◆ Exercise directions:
Lines from the beginning of the material below through the line that has "Technisch nutzte Centipede" are to be reproduced exactly, but pictures are not.

◆ Supplied material:
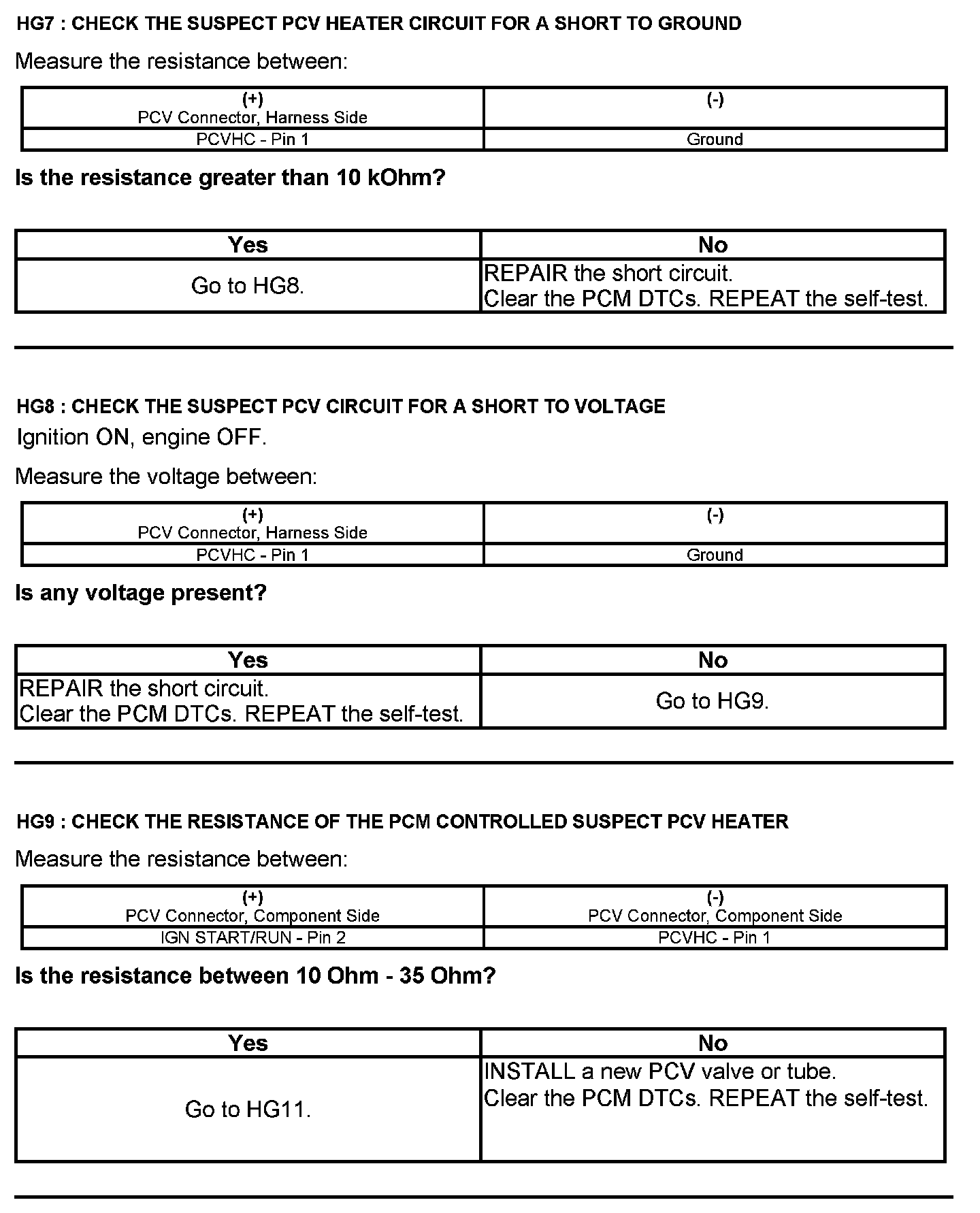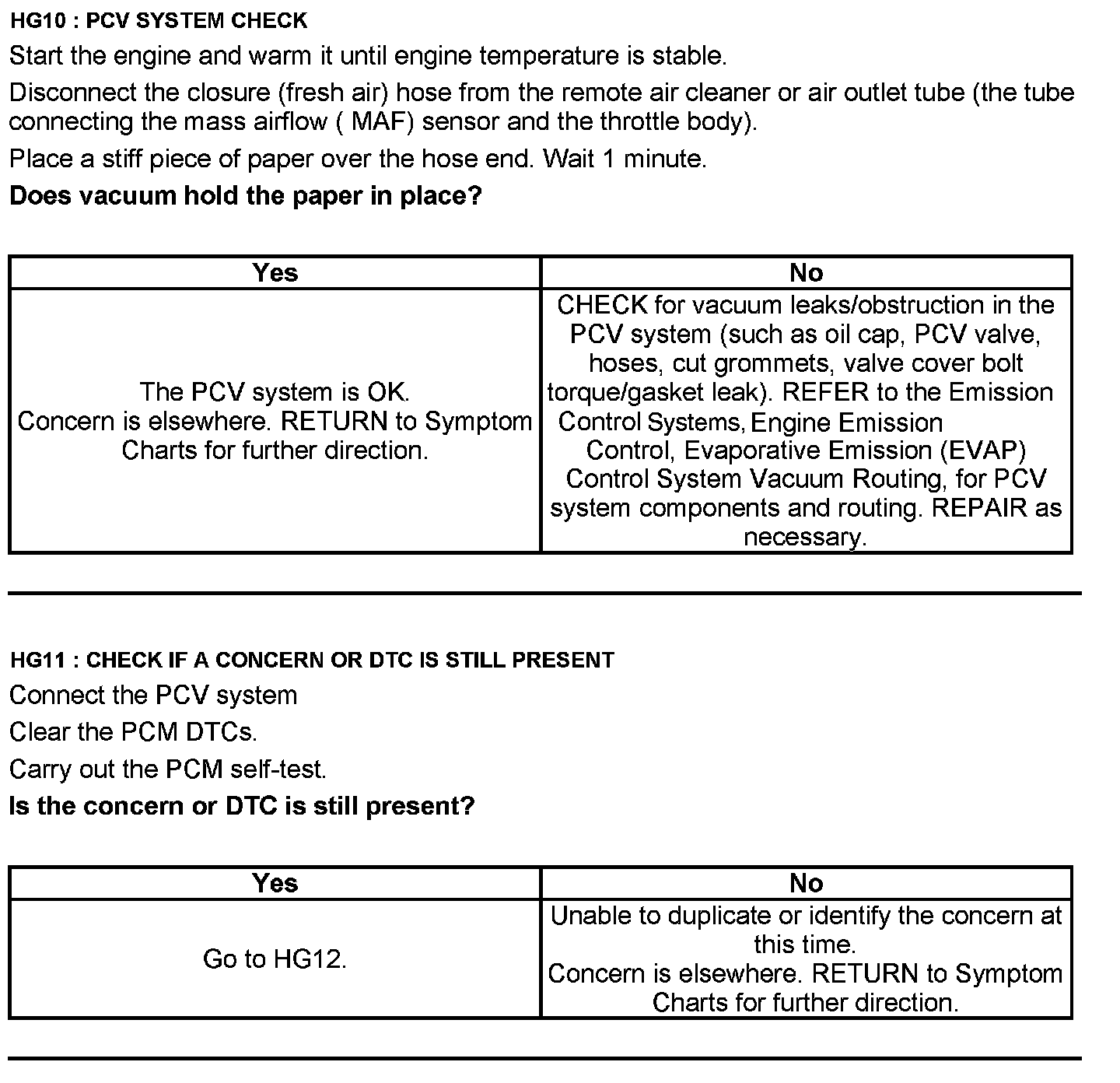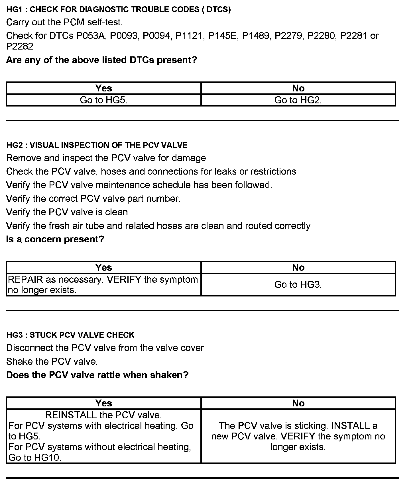 Test HG: Positive Crankcase Ventilation (PCV) System
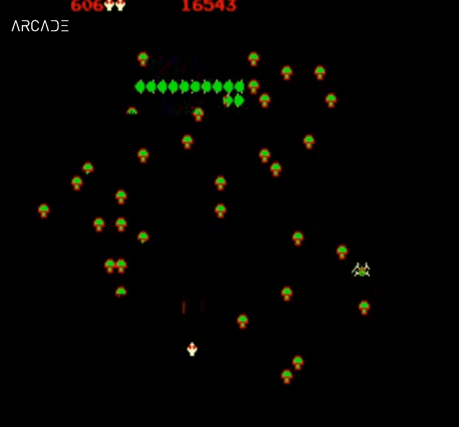 Technisch nutzte Centipede zudem einen hardwarebasierten Zufallsmechanismus, gekoppelt an den Atari-Pokey-Chip. Dadurch variierte das Spielfeld von Runde zu Runde – ein Ansatz, der sich deutlich von den festen Angriffsmustern früherer Titel wie Space Invaders oder Galaxian unterschied. Pilzverteilung, Gegnerbewegungen und Bedrohungslagen wirkten weniger berechenbar und gaben dem Spiel eine Dynamik, die über das reine Reaktionsspiel hinausging. Besonders die Spinne wurde so zu einem unberechenbaren Faktor, dessen Auftreten durch ein charakteristisches Geräusch angekündigt wurde – eine frühe Verbindung von Sound und Spielmechanik.
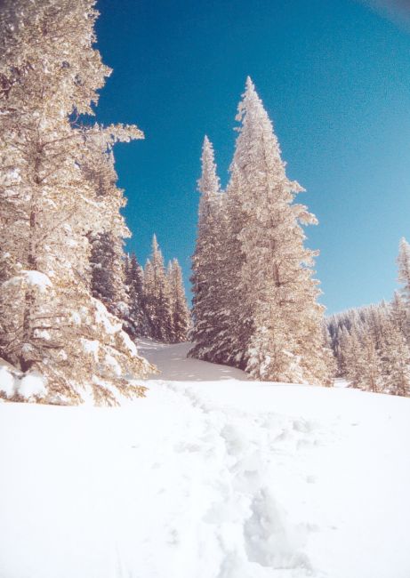 Deep snow after the snowstorm on Bull-of-the-Woods Trail two days later, elev. about 10560', March 2001
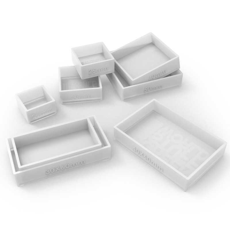 Ces moules couvrent les tailles standard utilisées pour les bases de jeux de figurines : 20x20 mm, 25x25 mm, 30x30 mm, 40x40 mm, 50x50 mm, 25x50 mm, 30x60 mm et 40x60 mm, avec une hauteur de 10 mm. Pour éviter les déformations causées par la chaleur générée lors de la polymérisation de la résine, il est recommandé de verser la résine en fines couches successives. Ne déplacez pas les moules avant le durcissement complet pour prévenir l’apparition de bulles internes dues à l’air piégé.

◆ Task answer:
 Test HG: Positive Crankcase Ventilation (PCV) System
 Technisch nutzte Centipede zudem einen hardwarebasierten Zufallsmechanismus, gekoppelt an den Atari-Pokey-Chip. Dadurch variierte das Spielfeld von Runde zu Runde – ein Ansatz, der sich deutlich von den festen Angriffsmustern früherer Titel wie Space Invaders oder Galaxian unterschied. Pilzverteilung, Gegnerbewegungen und Bedrohungslagen wirkten weniger berechenbar und gaben dem Spiel eine Dynamik, die über das reine Reaktionsspiel hinausging. Besonders die Spinne wurde so zu einem unberechenbaren Faktor, dessen Auftreten durch ein charakteristisches Geräusch angekündigt wurde – eine frühe Verbindung von Sound und Spielmechanik.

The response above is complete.